* **Work required**
What is printed must match, line for line, the records from their first line through the line containing "izjavio je Vettel.", with pictures left out.

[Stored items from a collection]
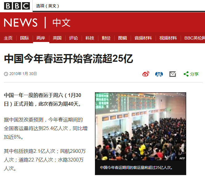 下面,就让我们来看看十年来外媒是如何具体报道春运的。
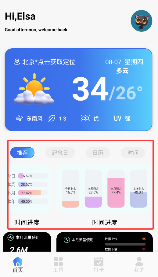 2、首页提供多种实用功能入口,包括个性化推荐、纪念日提醒、日历查询和时间进度显示等生活工具。
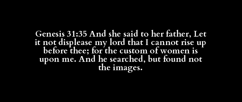 Genesis 31:35 And she said to her father, Let it not displease my lord that I cannot rise up before thee; for the custom of women is upon me. And he searched, but found not the images.
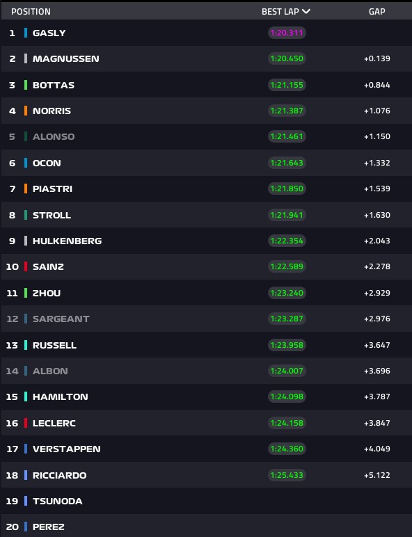 „Alex je usporavao pošto je imao McLaren ispred sebe. Ne znam da li je još neki bolid bio ispred tog McLarena. Bila je to prava šteta pošto su moje gume do početka kruga bile potpuno hladne. Imao sam problema već u prvoj krivini, dok Charles nije ni stigao da započne svoj krug“, izjavio je Vettel.
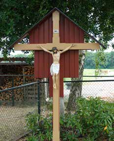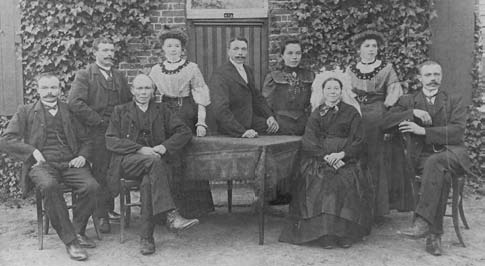 ![]() | Het veldkruis werd in 1917 geplaatst door Cornelis Bos (1850 – 1928, zittend, 2e van links) die getrouwd was met WilhelminaThijssen (1850 – 1912). Het stond eerst aan de overkant van de weg. Het zou geplaatst zijn als dank voor de genezing van een zieke dochter. Een ander verhaal is dat het werd geplaatst naar aanleiding van een ernstige ziekte van Cornelis. Op zijn bidprentjestaat namelijk dat hij verschillende keren kerkelijk bediend werd. |
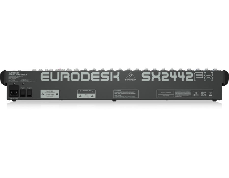 The 24-Input, 4-Bus EURODESK SX2442FX allows you to effortlessly achieve premium-quality sound, thanks to 16 of our studio-grade XENYX Mic Preamps, 2 full stereo channels with 4-band EQ, plus 2 additional sets of stereo inputs channels with Level and Aux controls. All mono channels feature our ultra-musical, 3-band “British” channel EQs, complete with a semi-parametric mid band for the ultimate in sound sculpting. Add to this not one, but two of our 24-bit dual-engine stereo FX processors with 99 awesome presets including reverb, chorus, flanger, delay, pitch shifter and various multi-effects – and the SX2442FX becomes an incredibly versatile mixer for your recording projects and live performances.
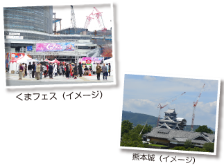 ※出発1時間前までに各自にてチェックイン 【羽田発着プラン】 08:20~09:50 羽田空港発 10:15~11:45 熊本着 【伊丹発着プラン】 09:25~10:30 伊丹空港発 10:35~11:55 熊本着 ご到着後、専用車にて「くまフェス」会場へご案内いたします。 |
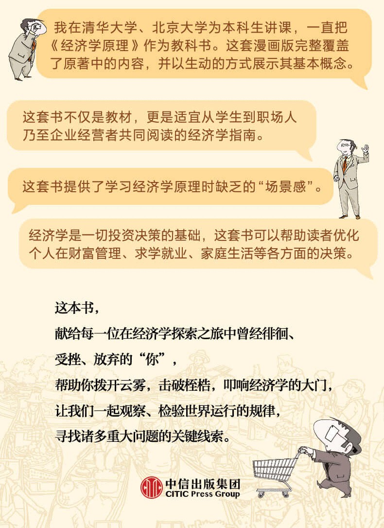 作為原版教材中文版一版到第八版的譯者,應該說我對曼昆的原版教材相當熟悉,但在讀“漫畫版”時仍然感到有新意。這種新意不僅在於漫畫形式之新,還在於簡練又精確的內容之新,更在於作者許多有新意的發展與擴充。所以,我想這套書對沒讀過原版教材或因原版教材太厚、不好讀而畏難的朋友來說,是佳的入門書。想找到比這更容易的入門書,恐怕很難了。對於已讀過原版教材,甚至以經濟學為專業的朋友來說,這套書同樣值得一看,它會帶給你很多新知識、新視角和新樂趣。再讀“漫畫版”,你又會重溫幼年時讀連環畫的情景。
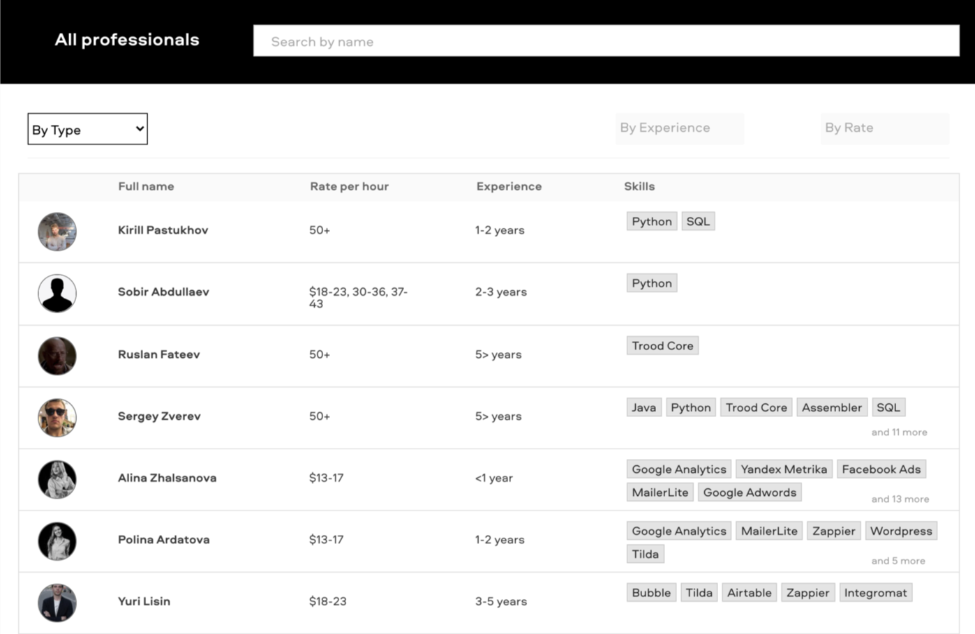 Получите бесплатный доступ к базе сертифицированных IT-специалистов, которые быстро выполнят задачи для вашего проекта. Без ожиданий в недели и месяцы.
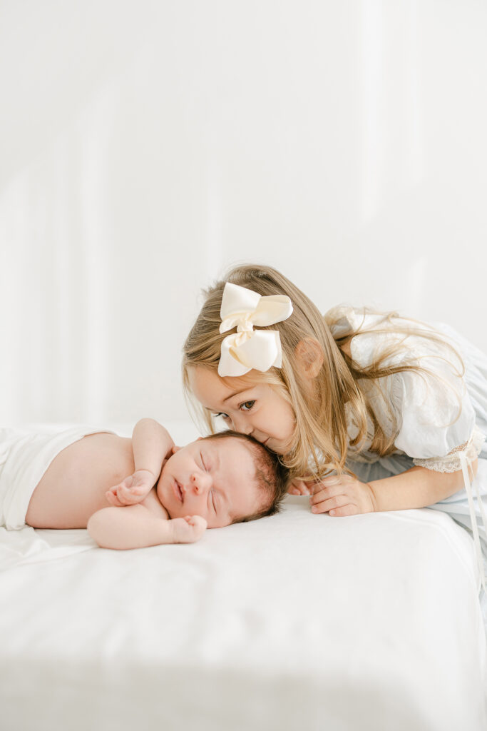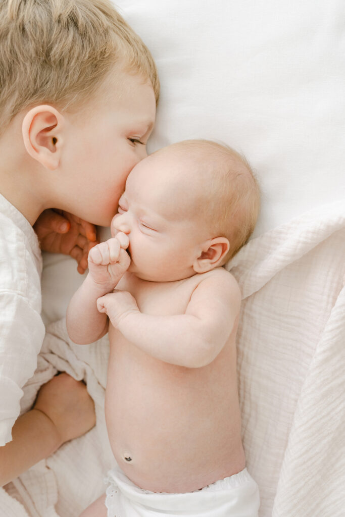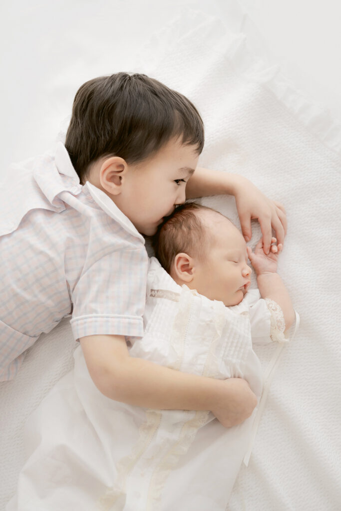 Getting great photos of your newborn with their toddler sibling is all about safety and natural moments. Here are some tried-and-true poses that work well for capturing that new sibling bond:

* **Completed exercise**
 下面,就让我们来看看十年来外媒是如何具体报道春运的。
 2、首页提供多种实用功能入口,包括个性化推荐、纪念日提醒、日历查询和时间进度显示等生活工具。
 Genesis 31:35 And she said to her father, Let it not displease my lord that I cannot rise up before thee; for the custom of women is upon me. And he searched, but found not the images.
 „Alex je usporavao pošto je imao McLaren ispred sebe. Ne znam da li je još neki bolid bio ispred tog McLarena. Bila je to prava šteta pošto su moje gume do početka kruga bile potpuno hladne. Imao sam problema već u prvoj krivini, dok Charles nije ni stigao da započne svoj krug“, izjavio je Vettel.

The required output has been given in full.